Stacey Colino's last feature was "Mommy, It Hurts!" in the March issue.

Night-Night Magic

Whatever your kids' ages, the best way to help them sleep longer and better is to maintain a consistent bedtime routine. That's easier said than done, of course. But it's worth the effort to try to stick to a schedule  -- a bath and teeth brushing, then one or two books read in bed, for instance  -- night after night (weekends too, within reason). "A few months ago, I was constantly rushing snuggle time with my son, Will, who's 5, since I also have a 3-year-old to take care of. One night he said to me, 'Mom, I need to cuddle more so I have the power to make it through the night in my own bed,'" says Cathy Halliwell, a mom of two in Richmond. "After that, I didn't cheat him out of this important time, and now he does sleep through the night most of the time."

For Pam Loeb, a mom of two in Washington, DC, playing a sound machine of ocean waves or a CD of bedtime songs  -- and letting her son go to sleep with a stuffed animal  -- does the trick.

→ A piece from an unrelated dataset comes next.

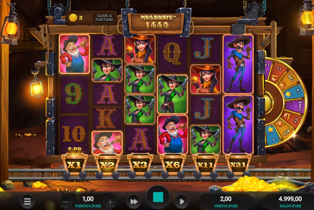 Con Gold Rush Frenzy, il provider Four Leaf Gaming ci offre una slot bella dal punto di vista estetico, con una grafica particolareggiata in cui ogni elemento contribuisce a creare la giusta atmosfera. Le partite si svolgono all’interno di una miniera d’oro, dove è collocata la nostra griglia di gioco a 6 rulli. Trattandosi di una slot Megaways, ogni bobina può accogliere da 1 a 7 simboli, generando di volta in volta un numero differente di modi per vincere. La quantità massima è di 117.649. Il gioco si avvale del meccanismo a cascata, per cui i simboli utilizzati nella creazione di una vincita scompaiono per far spazio ad altri simboli nuovi che potenzialmente potrebbero generare una nuova combo pagante. Le puntate vanno da 0,10 € a 20 €, con la possibilità di attivare i Nitro Spins, una sorta di puntata Ante che dietro pagamento aumenta la possibilità di ottenere Scatter e altri bonus. Consultando la tabella dei pagamenti, vediamo che le carte da gioco (dal 9 all’A) valgono poco, mentre i personaggi sono molto più generosi, arrivando a pagare sino a 50 volte la puntata!

If your child's getting to bed too late, start moving his bedtime back by 15 to 20 minutes a night until it's at an appropriate time, given when he needs to get up in the morning. And don't forget to factor in how long it actually takes him to fall asleep  -- while infants might get there quickly, toddlers often take longer, and more than half of preschoolers need 15 minutes or more to reach the land of Nod.

If your child's sleep problems persist, talk to your pediatrician. Parents too often don't volunteer information about how well their children are sleeping, or express concerns about bedtime, and not every doctor will ask, assuming that if something's wrong the parent will bring it up. Helping your child get good sleep is not only one of the best things you can do for him, but for yourself too. There's a trickle-up effect: Behind every sleep-deprived child, there's a bleary-eyed mom.